» ABOUT THIS EXERCISE:
These records contain pictures, which must be left out; copy exactly the lines from the one with "राष्ट्रीय कूर्मि पुरोहित" up to and including the one with "Il vino bianco".

» SUPPLIED INFORMATION:
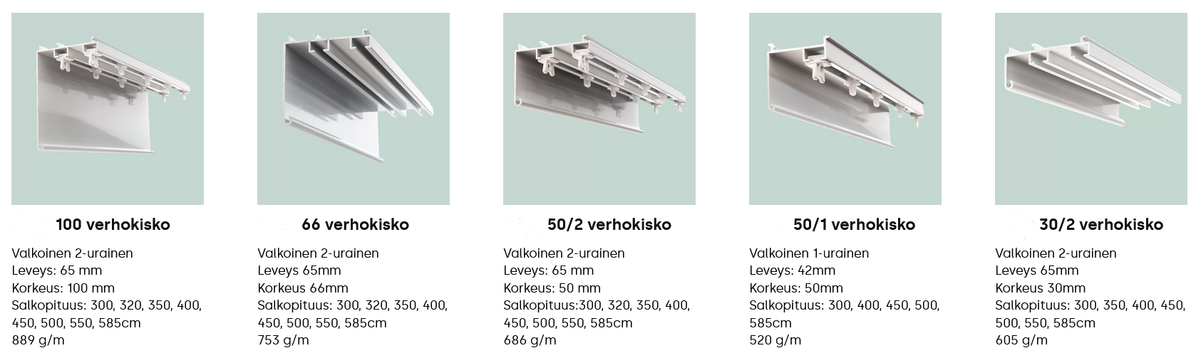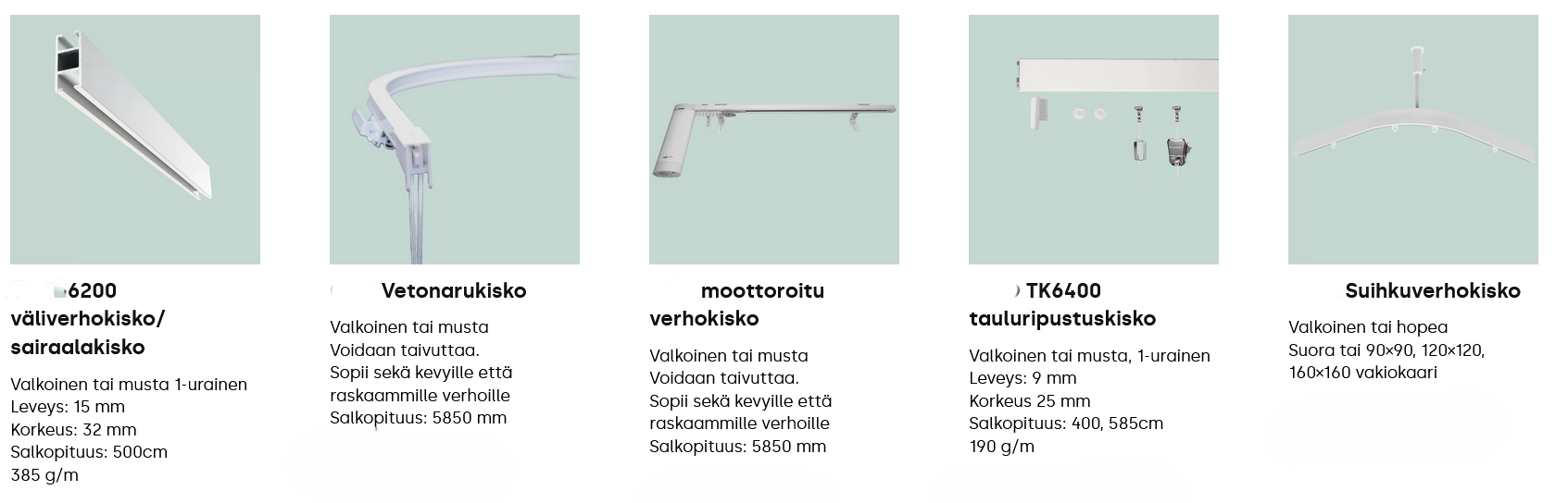 Taulu ja verhokiskot asennettuna.
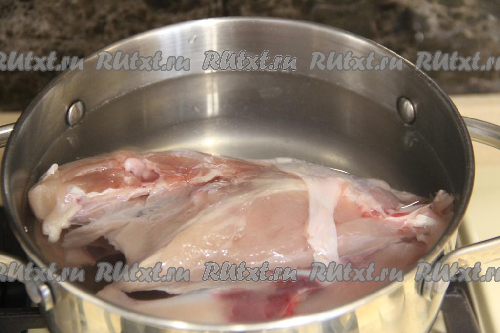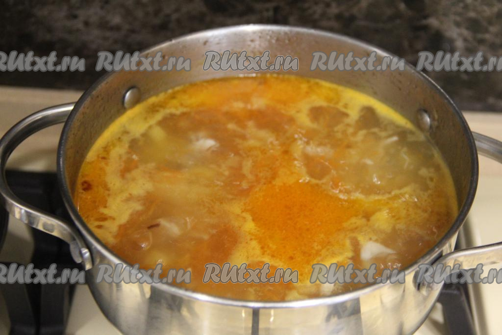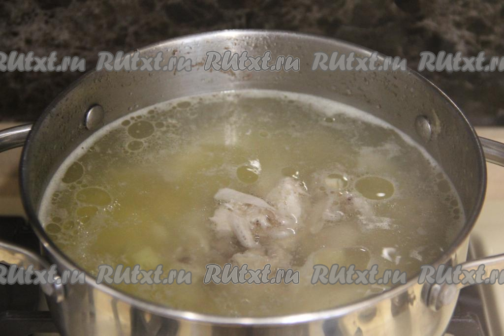 Сразу же добавить в кастрюлю кусочки куриного мяса, дать бульону закипеть, варить на небольшом огне 15 минут.
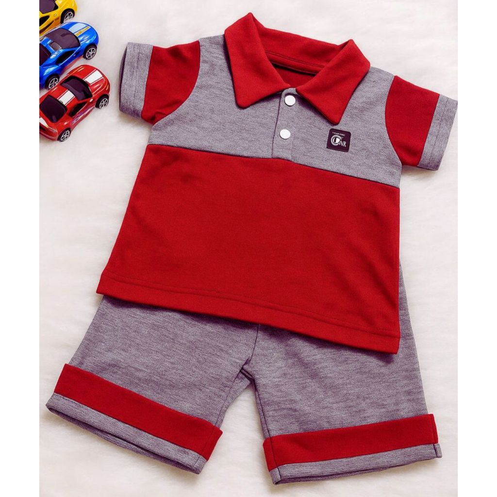 Conjunto Bebê Camisa gola Polo e Shorts Estilo Mauricinho - Camiseta Elegante Baby recém nascido
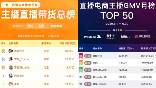 相比明星,MCN公司孵化主播显然有一套更成熟的机制,主播们的表现也更加专业。但薇娅和李佳琦、辛巴等头部主播们,也已经触碰到了自己的瓶颈。和2020年6月数据相比,薇娅在今年同期的总销售额仅增长了不到11%;辛巴在经历了燕窝事件后已经自快手“跌落”;李佳琦原本是稳坐第二,但现在也已经被后来者赶上。
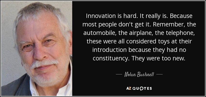 Innovation is hard. It really is. Because most people don't get it. Remember, the automobile, the airplane, the telephone, these were all considered toys at their introduction because they had no constituency. They were too new.
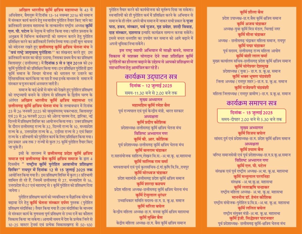 राष्ट्रीय कूर्मि पुरोहित आवासीय प्रशिक्षण शिविर का आयोजन 12 जुलाई से:शुभारंभ में रमेश बैस पूर्व राज्यपाल सहित छत्तीसगढ़ एवं राष्ट्रीय पदाधिकारी होंगे शामिल
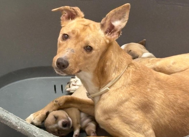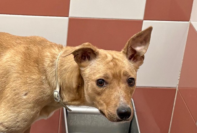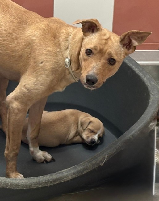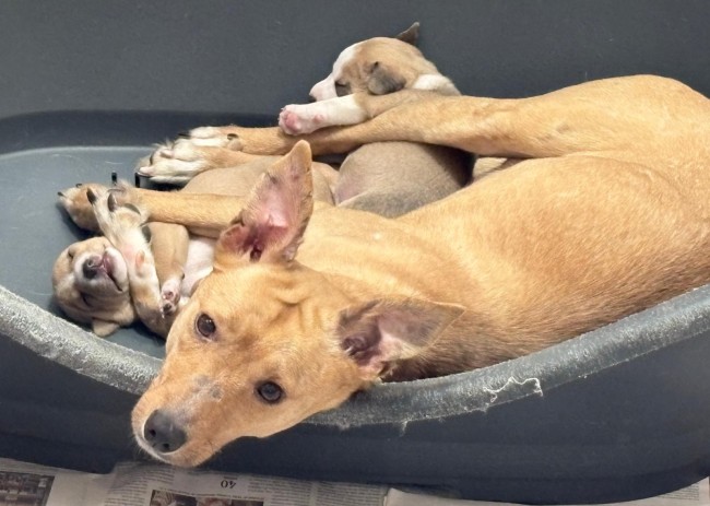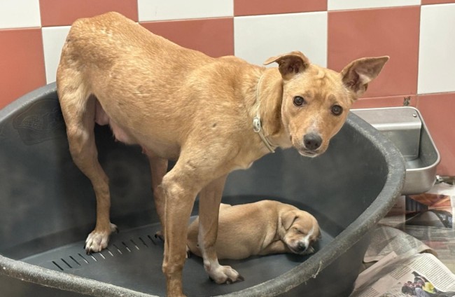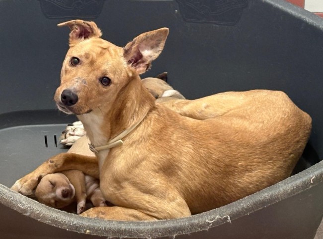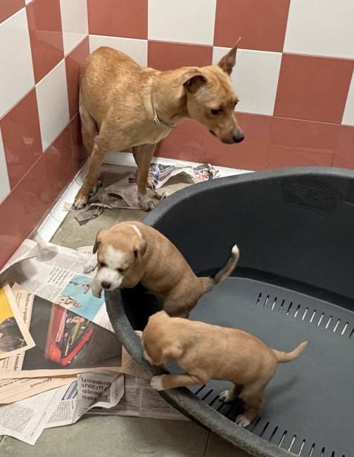 Rescatada de una finca durante una incautación, donde había muchos perros en muy malas condiciones. Estaba a punto de parir y parió en el traslado a 4 criaturas, desgraciadamente en los primeros días fallecieron dos.
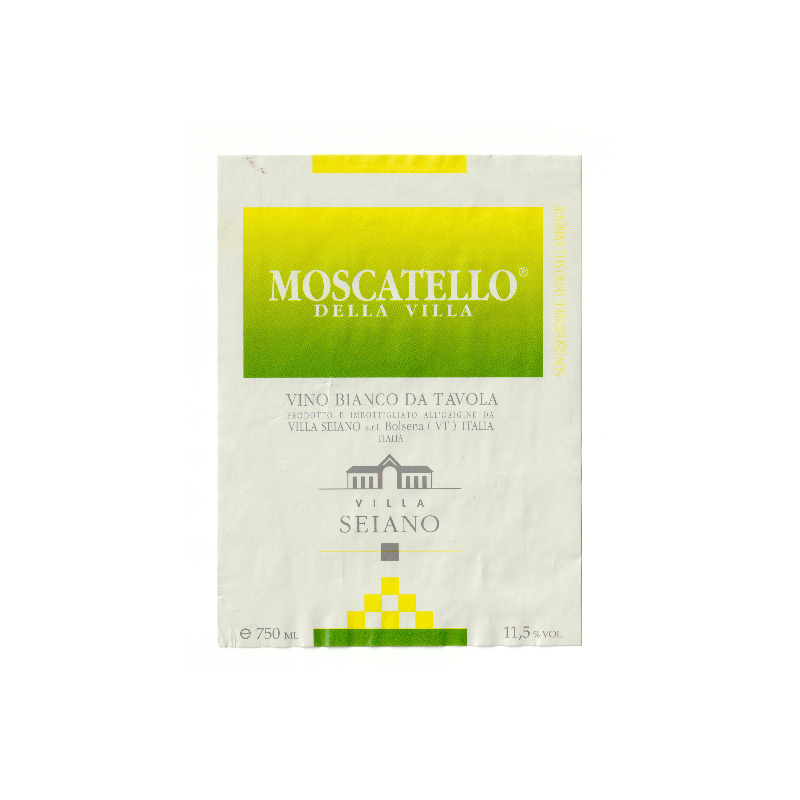 Il vino bianco Moscatello della Villa, prodotto a Bolsena, in Italia, presenta un’etichetta rettangolare realizzata in carta patinata lucida e stampata con tecnologia Offset.
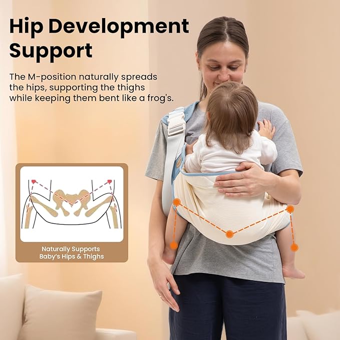 - 【Adjustable & Ergonomic Fit】This toddler sling carrier features dual front and back adjustable straps, offering a perfect fit for all body types, including plus-size parents. Its ergonomic M-shaped seat supports healthy hip development, making it ideal for long-term use from newborn to toddler.

» EXERCISE SOLUTION:
 राष्ट्रीय कूर्मि पुरोहित आवासीय प्रशिक्षण शिविर का आयोजन 12 जुलाई से:शुभारंभ में रमेश बैस पूर्व राज्यपाल सहित छत्तीसगढ़ एवं राष्ट्रीय पदाधिकारी होंगे शामिल
 Rescatada de una finca durante una incautación, donde había muchos perros en muy malas condiciones. Estaba a punto de parir y parió en el traslado a 4 criaturas, desgraciadamente en los primeros días fallecieron dos.
 Il vino bianco Moscatello della Villa, prodotto a Bolsena, in Italia, presenta un’etichetta rettangolare realizzata in carta patinata lucida e stampata con tecnologia Offset.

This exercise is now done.